With a little IPython magic, it's possible to plot frequency of appearances:

In [32]:
%matplotlib inline

by_year = lookup_menus_df.groupby(lookup_menus_df['date_year'])
year_series = by_year.size()
year_series.plot(figsize=(20,10))
Out[32]:
<matplotlib.axes.AxesSubplot at 0x10e5ff4d0>

Of course, this graph does not look right. What's going on with that huge spike at the beginning of the 20th century? And why do the number of appearances decrease toward mid-century?

This skew is an artifact of the coverage of the underlying menu collection that NYPL holds. From the Library's own collection guide:

Thousands of menus beginning with the oldest items in the collection from 1851. The collection is strongest for the period between 1890 and 1910.
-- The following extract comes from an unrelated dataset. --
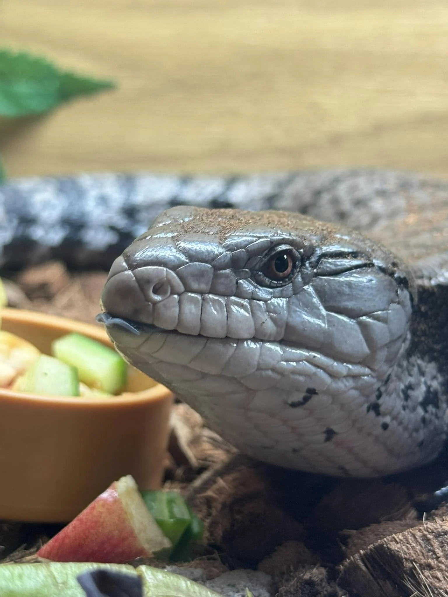 Obviously, he’s stunning. His incredible patterns are mesmerising - and if you’re lucky and catch him in just the right light, you’ll see the iridescence in his skin glimmering. But he’s also an absolute softie - he loves attention, and will literally ask you for chin tickles.

This is why NYPL, on their own site, has normalized the plot of dish appearances by total number of menus held for a given year.

In [33]:
# Extract years in the complete DataFrame for menus
menu_df['date_year'] = menu_df['date'].map(extract_year)

# Group by year and calculate the number of menus held for each year
total_menu_by_year = menu_df.groupby(menu_df['date_year'])
menu_total_series = total_menu_by_year.size()

With this information, we can create a normalized graph:

In [34]:
normed = [year_series[date_year]/menu_total_series[date_year].astype(float) for date_year in year_series.index.tolist()]
pd.Series(normed, index=year_series.index).plot(figsize=(20,10))
Out[34]:
<matplotlib.axes.AxesSubplot at 0x10e60a0d0>

I hope this notebook demonstrates some ways to use the data analysis tools provided by Pandas in the service of curating data from What's On the Menu?